The defendant was apprehended for commission of a murder. Prior to questioning, an officer informed the defendant as follows:
You have the right to remain silent. If you give up the right to remain silent, anything you say can and will be used as evidence against you in a court of law. You have the right to talk to a lawyer before you are questioned, have him present with you while you are being questioned, and all during the questioning. You have the right to have a lawyer appointed to represent you at no cost to yourself.
The defendant acknowledged that he understood these rights and then provided a taped statement to the officer. Based in part on his taped statement, the defendant was convicted of first-degree murder.
Whether an officer must use the precise language contained in the Miranda case?
No. An officer is not required to use the precise language contained in the Miranda case but must convey the equivalent information found in that case.
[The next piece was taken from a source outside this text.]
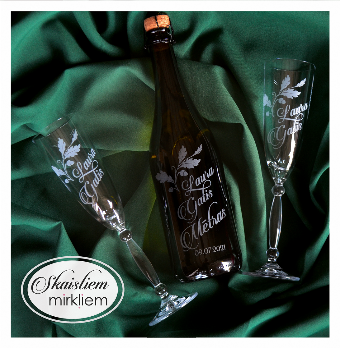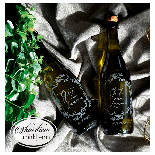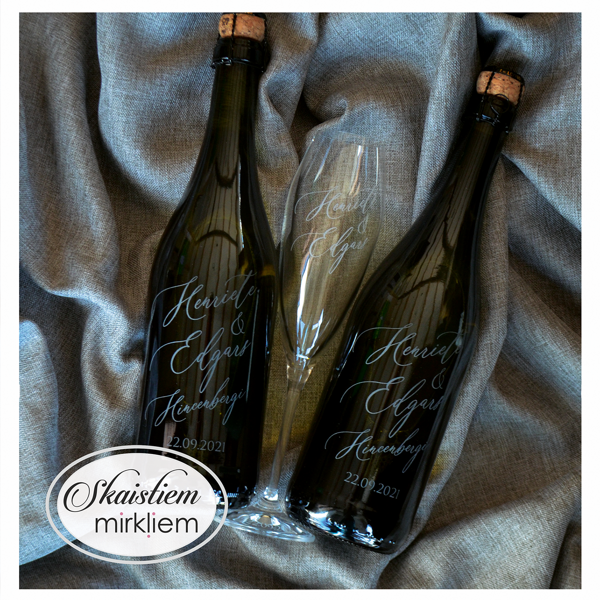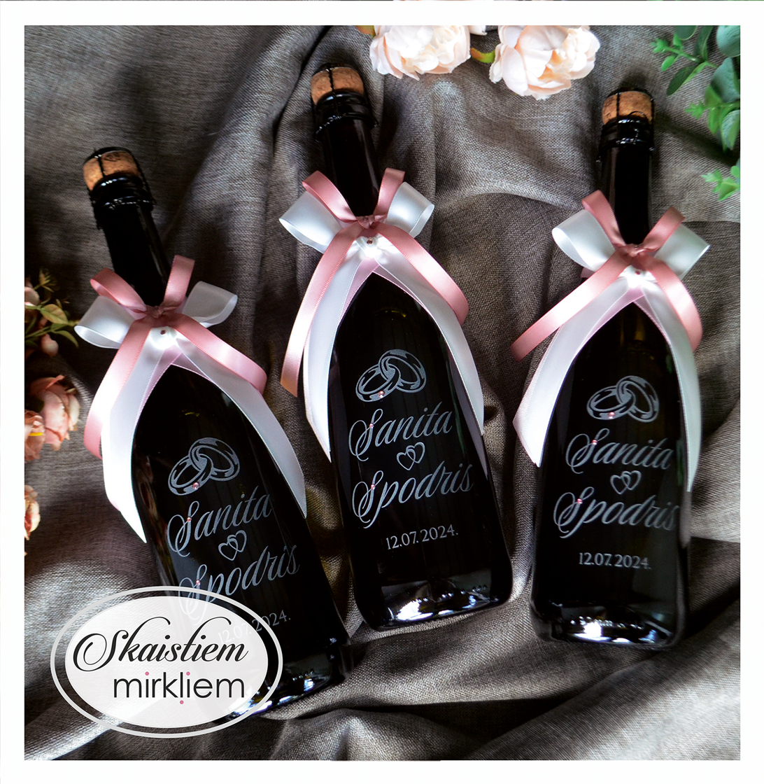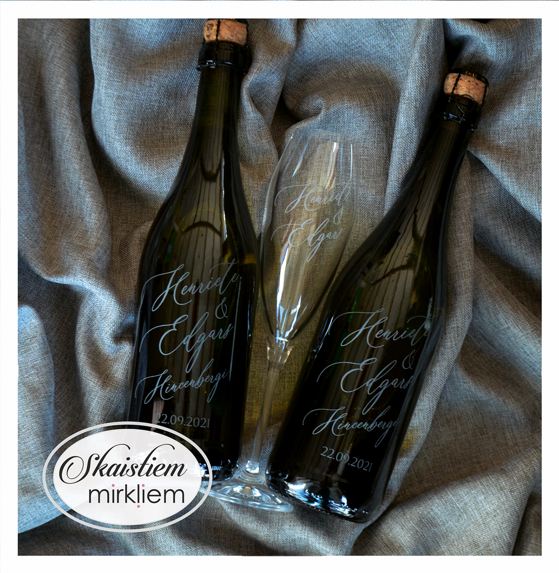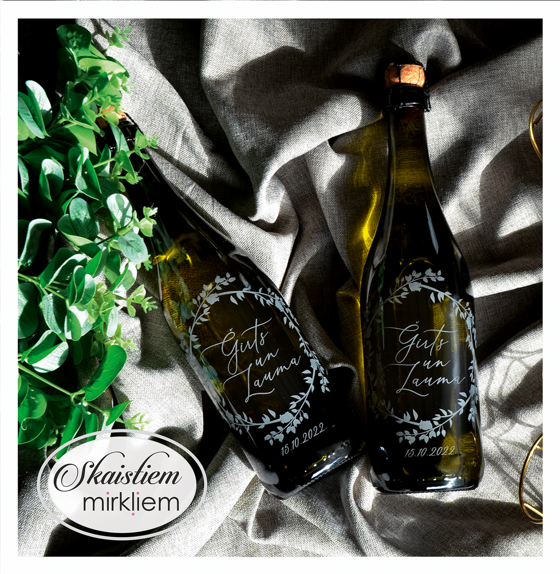 Saskaņotība: Ja pasūtāt pie mums arī citas kāzu lietas, mēs saskaņosim pudeles gravējuma fontu un stilistiku ar pārējo pasūtījumu.
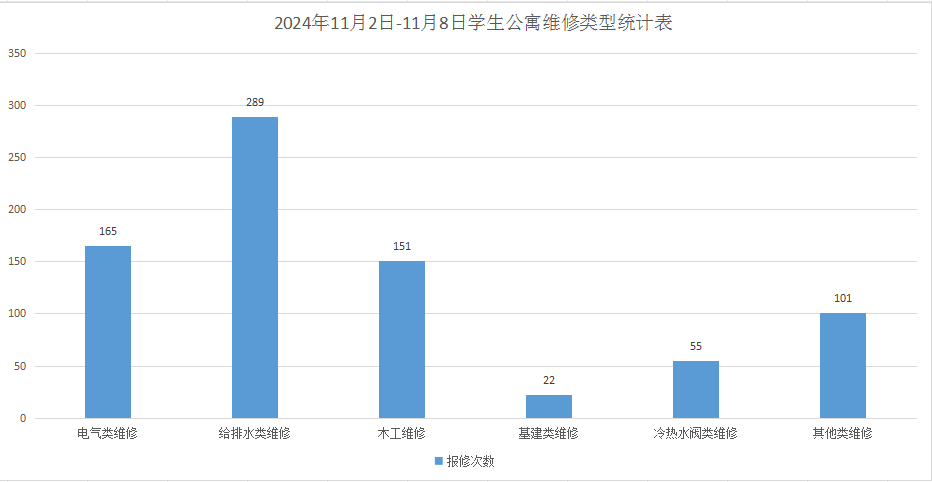 2024年11月2日-11月8日后勤服务24小时报修中心接电话报修、网上报修、现场报修1115单,其中学生公寓报修783单(已完工776单,完工率99.1%,余7单在维修中),其中电气类165单、给排水类289单、木工类151单、基建类22单、冷热水阀55单、其他类101单,余下332单由其他岗位负责完成维修。坚持对学生公寓183间配电房, 72个电表箱,2个水泵房每天巡检。

The Supreme Court does not require that an officer use the precise language contained in the Miranda case when notifying defendants of their Miranda warnings. The Court actually stated in Miranda that “the warnings required and the waiver necessary … are, in the absence of a fully effective equivalent, prerequisites to the admissibility of any statement made by a defendant (emphasis added).” Further, in Rhode Island v. Innis, the Court discussed the Miranda case and noted that what was required was “the now familiar Miranda warnings … or their equivalent.” In this case, “nothing in the warnings given the [defendant] suggested any limitation on the right to the presence of appointed counsel different from the clearly conveyed rights to a lawyer in general, including the right ‘to a lawyer before you are questioned … while you are being questioned, and all during the questioning.”